The changes in customer rates come after a lengthy and very public process evaluating a request that is at the heart of the company’s ability to build a smarter energy infrastructure for South Carolina. The new rates also reflect the company’s efforts to deliver electricity that is cleaner than ever, and ensure the best customer service possible. The new rates will also reflect savings from recent tax reform.
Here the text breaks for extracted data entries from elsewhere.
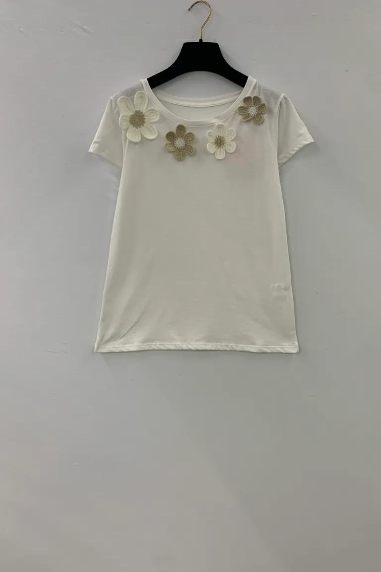 T-shirt con ricamo fiori in girocollo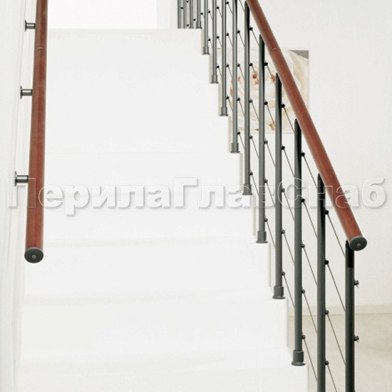 Два ригеля на держателях, круглый деревянный поручень и круглые стойки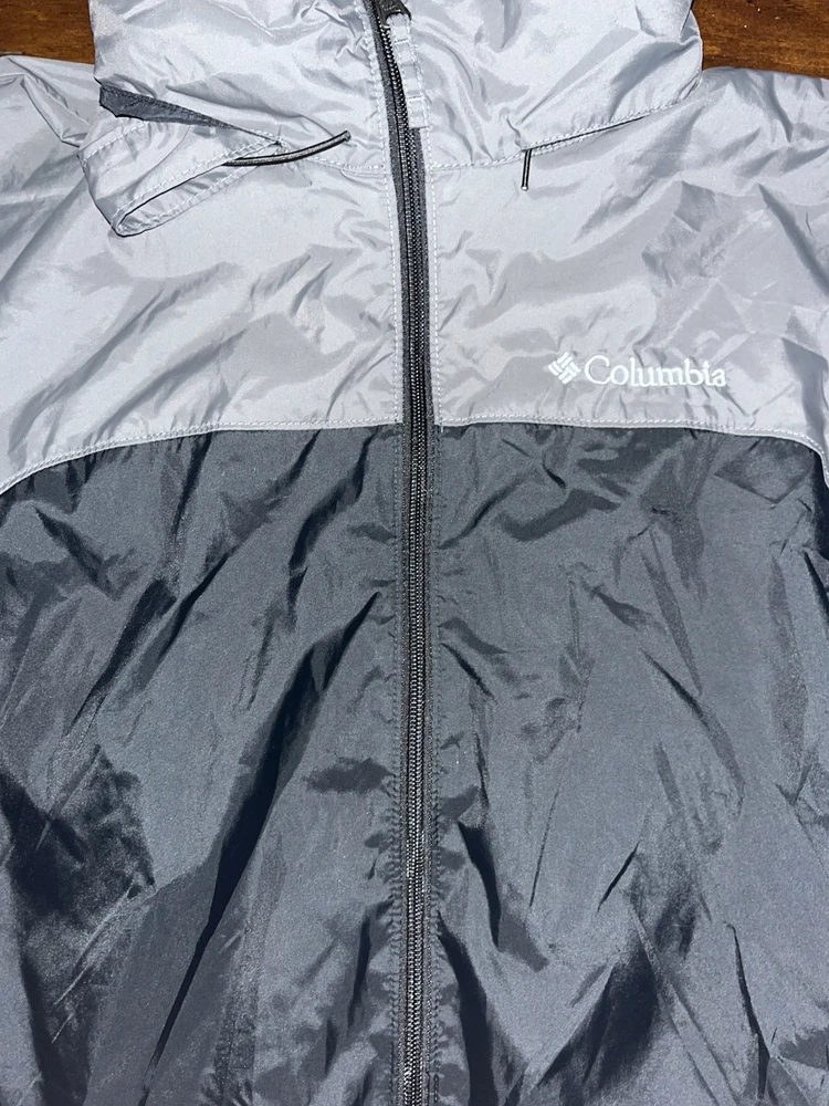 Men's Columbia Zip-Up Windbreaker Jacket with Hood & Pockets in Black & Gray
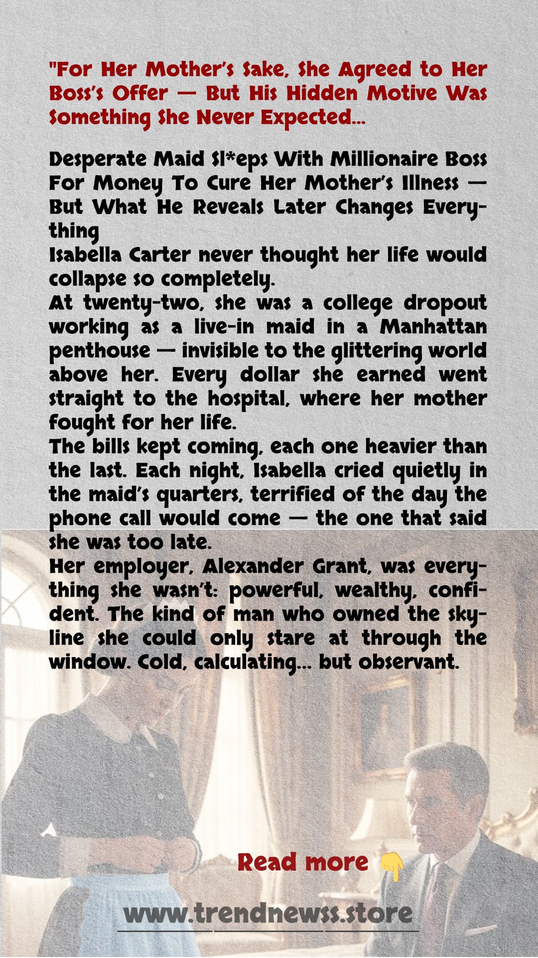 Later that night, with tears blurring her vision, Isabella walked into his bedroom. The encounter was cold, transactional, and it left her feeling hollow, like she had sold a piece of her soul. She cried silently as he drifted to sleep beside her, unaware of the storm breaking inside her chest.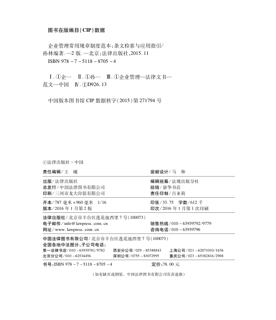 本书由孙林编著,法律出版社2016年出版,是一本面向企业管理人员与法务工作者的实用工具书。全书围绕企业日常管理中的核心制度需求,系统收录了公司章程、股东会、董事会、监事会等基本管理制度范本,并涵盖合同管理、财务管理等关键领域的规范文本。内容条理清晰,兼具法律依据与实操指引,便于企业快速查阅与定制使用。适合企业法务、HR、管理者及法律从业者作为案头参考。第二版更新了相关法规衔接,提升适用性,是构建企业制度体系的可靠助手。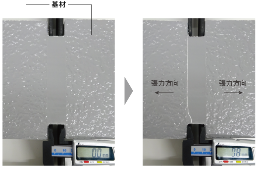 硬性塗膜は0.8mm伸長した際にひび割れが発生。
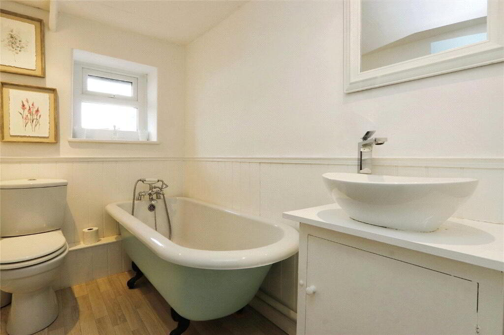 UPVC double glazed window. Close couple dual flush WC, rolltop bath with shower attachment and cabinet mounted circular wash hand basin with mixer tap over. Wood effect vinyl flooring, heated towel rail, down lights, extractor fan. - Agents Note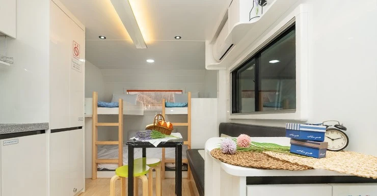 홍천 펜션 쁘띠힐링은 총 10개의 카라반 객실을 보유했다. 1~8호는 기준 인원 2인에 최대 6명까지 투숙 가능하다. 살짝 작은 9호와 10호는 5명까지 묵을 수 있다. 카라반 안에는 더블 침대와 2층 침대, 주방, 전용 욕실을 갖췄다. 야외에는 수영장부터 트램펄린, 바비큐 시설 등 즐길 거리를 다채롭게 마련해 놨다.

Dominion Energy: As noted in this June 14, 2019 Dominion Energy letter:

Additionally, pursuant to PSC Order No. 2018-308 issued in Docket No. 2017-381-A related to The Tax Cuts and Jobs Act ("Tax Act"), the PSC requires utilities to track and defer as a regulatory liability the effects resulting from the Tax Act. The Total as Adjusted ROE of 7.05% includes the estimated impact of the Tax Act on SCE&G's base retail electric business for the twelve-months ended March 31, 2019.

Certain accumulated deferred income taxes contained within net regulatory liabilities represent excess deferred income taxes arising from the re-measurement of deferred income taxes upon the enactment of the Tax Act. These amounts will be amortized to the benefit of customers as prescribed in PSC Order No. 2018-804.

Conversely, if Biden and Democrats raise the corporate tax rate, they will add to the burden faced by working families. And any small businesses operate on tight margins and can't afford higher heating, cooling, gas, and refrigeration costs.

President Biden should withdraw his tax increases.